TASK OBJECTIVE
Find the line containing "滾筒線按一定角度傾斜固定在貨", then print it and each line after it through the end of the listing exactly, with no pictures.

LISTED ENTRIES

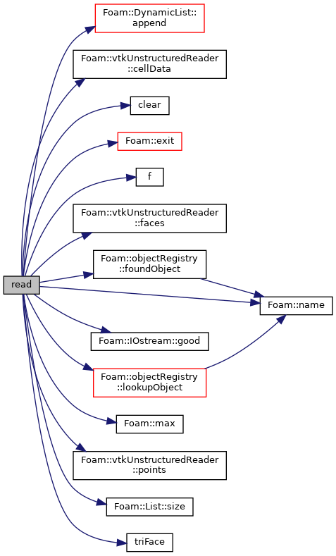 References DynamicList< T, SizeInc, SizeMult, SizeDiv >::append(), vtkUnstructuredReader::cellData(), clear(), Foam::exit(), f(), vtkUnstructuredReader::faces(), Foam::FatalError, FatalErrorInFunction, forAll, objectRegistry::foundObject(), IOstream::good(), objectRegistry::lookupObject(), Foam::max(), Foam::name(), vtkUnstructuredReader::points(), List< T >::size(), and triFace().
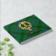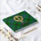 Clan Henderson crest badge surrounded by a strap and buckle over tartan background. Custom front, back and spine text.
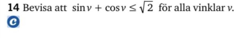 Okej det förstår jag, att alla påståenden inte är skrivna på den formen. I detta fal så e det inte så. Jag löste uppgiften genom att anta att sinv + cosv >för någon vinkel:
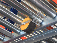 滾筒線按一定角度傾斜固定在貨架橫梁上,托盤從高端放入,沿滾筒線靠本身重力下滑,為控制托盤以穩(wěn)定速度下滑,避免撞擊,在滾筒線上每隔一定距離設置一套阻尼系統(tǒng),托盤下滑速度越快,阻尼系統(tǒng)產(chǎn)生的阻力越大。端部分離機構設置在低端,用來分離低端相臨的兩個托盤,這樣低端托盤就可以順利地取出。重力式貨架的空間利用率又高于后推式貨架及貫通式貨架,而且實現(xiàn)了“先進先出”的原則,安全性及運轉效率都與貨位式貨架相同,廣泛應用與各行業(yè)。
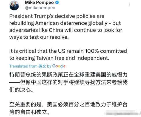 眼看中美将有可能在韩国举行高峰会,蓬佩奥跳出来大放厥词了! 10月29日,蓬佩奥放话声称,鉴于中国决心取代美国成为世界领导者并最终控制印太地区,重申美国对台湾的支持至关重要。美国必须向北京发出明确的信息:台湾是自由的,台湾是“独立”的——而且将保持这种状态。鉴于中国对台湾的意图如此明确,这种战略清晰度尤为重要。 眼下中美高层很可能在韩国碰面,外界都关注着两国的博弈。偏偏在这节点,蓬佩奥又出来刷存在感。这位前国务卿离开权力圈后,话说得越来越冲,把台湾问题当成了他谋取政治资本的工具。 蓬佩奥这番表演选的时机并不偶然,他清楚,只要台海局势被炒作,美国对华强硬派就不会安静,高层对话进程也会被搅得鸡飞狗跳。 他自己虽说已经不在位,却在热议话题上插上一脚,无非就是展示自己还“有分量”,给自己的政治利益添砖加瓦,甚至能从台湾“挣点外快”。 不过,蓬佩奥归根结底只是个失势政客,就拿特朗普来说,和日本高市早苗见面时,台湾话题只字未提,这并不是巧合。 像特朗普这样精于算计的人,太清楚台湾问题敏感得不能随便碰,真正掌握权力的人都明白,台湾是中美博弈的核心,轻率表态只会带来翻天覆地的后果。 蓬佩奥嘴上痛快,实际上完全代表不了美国高层主流,卸任后才敢说,说白了只能忽悠少数人,捞点小钱罢了。 况且台海局势早已不是过去那个剪不断理还乱的状态,从军力到动员,中国大陆这些年发展太快,两岸力量对比越来越明显,再怎么炒作,外部势力介入成本高得离谱。 美国真要帮台湾“撑腰”,付出的代价和风险只会越来越大,更别提能不能撑得住,精明的特朗普算个账,都能清楚意识到,插手台湾问题是比“赔本买卖”还让人头疼的买卖。 说到底,台湾问题是中国自己的事,是中国的核心利益,谁都改变不了,解决台湾问题,实现统一,是中国的国家战略目标,也是中国人民的共同期待。 像蓬佩奥这样的角色,今天吆喝两句,明天刷点流量,自欺欺人,对于中国的统一大势来说,根本翻不起什么浪花,中国的步伐决定着历史的方向。那些失意政客,只能在局外叫嚷几声。

SOLUTION FOR THIS EXERCISE
 滾筒線按一定角度傾斜固定在貨架橫梁上,托盤從高端放入,沿滾筒線靠本身重力下滑,為控制托盤以穩(wěn)定速度下滑,避免撞擊,在滾筒線上每隔一定距離設置一套阻尼系統(tǒng),托盤下滑速度越快,阻尼系統(tǒng)產(chǎn)生的阻力越大。端部分離機構設置在低端,用來分離低端相臨的兩個托盤,這樣低端托盤就可以順利地取出。重力式貨架的空間利用率又高于后推式貨架及貫通式貨架,而且實現(xiàn)了“先進先出”的原則,安全性及運轉效率都與貨位式貨架相同,廣泛應用與各行業(yè)。
 眼看中美将有可能在韩国举行高峰会,蓬佩奥跳出来大放厥词了! 10月29日,蓬佩奥放话声称,鉴于中国决心取代美国成为世界领导者并最终控制印太地区,重申美国对台湾的支持至关重要。美国必须向北京发出明确的信息:台湾是自由的,台湾是“独立”的——而且将保持这种状态。鉴于中国对台湾的意图如此明确,这种战略清晰度尤为重要。 眼下中美高层很可能在韩国碰面,外界都关注着两国的博弈。偏偏在这节点,蓬佩奥又出来刷存在感。这位前国务卿离开权力圈后,话说得越来越冲,把台湾问题当成了他谋取政治资本的工具。 蓬佩奥这番表演选的时机并不偶然,他清楚,只要台海局势被炒作,美国对华强硬派就不会安静,高层对话进程也会被搅得鸡飞狗跳。 他自己虽说已经不在位,却在热议话题上插上一脚,无非就是展示自己还“有分量”,给自己的政治利益添砖加瓦,甚至能从台湾“挣点外快”。 不过,蓬佩奥归根结底只是个失势政客,就拿特朗普来说,和日本高市早苗见面时,台湾话题只字未提,这并不是巧合。 像特朗普这样精于算计的人,太清楚台湾问题敏感得不能随便碰,真正掌握权力的人都明白,台湾是中美博弈的核心,轻率表态只会带来翻天覆地的后果。 蓬佩奥嘴上痛快,实际上完全代表不了美国高层主流,卸任后才敢说,说白了只能忽悠少数人,捞点小钱罢了。 况且台海局势早已不是过去那个剪不断理还乱的状态,从军力到动员,中国大陆这些年发展太快,两岸力量对比越来越明显,再怎么炒作,外部势力介入成本高得离谱。 美国真要帮台湾“撑腰”,付出的代价和风险只会越来越大,更别提能不能撑得住,精明的特朗普算个账,都能清楚意识到,插手台湾问题是比“赔本买卖”还让人头疼的买卖。 说到底,台湾问题是中国自己的事,是中国的核心利益,谁都改变不了,解决台湾问题,实现统一,是中国的国家战略目标,也是中国人民的共同期待。 像蓬佩奥这样的角色,今天吆喝两句,明天刷点流量,自欺欺人,对于中国的统一大势来说,根本翻不起什么浪花,中国的步伐决定着历史的方向。那些失意政客,只能在局外叫嚷几声。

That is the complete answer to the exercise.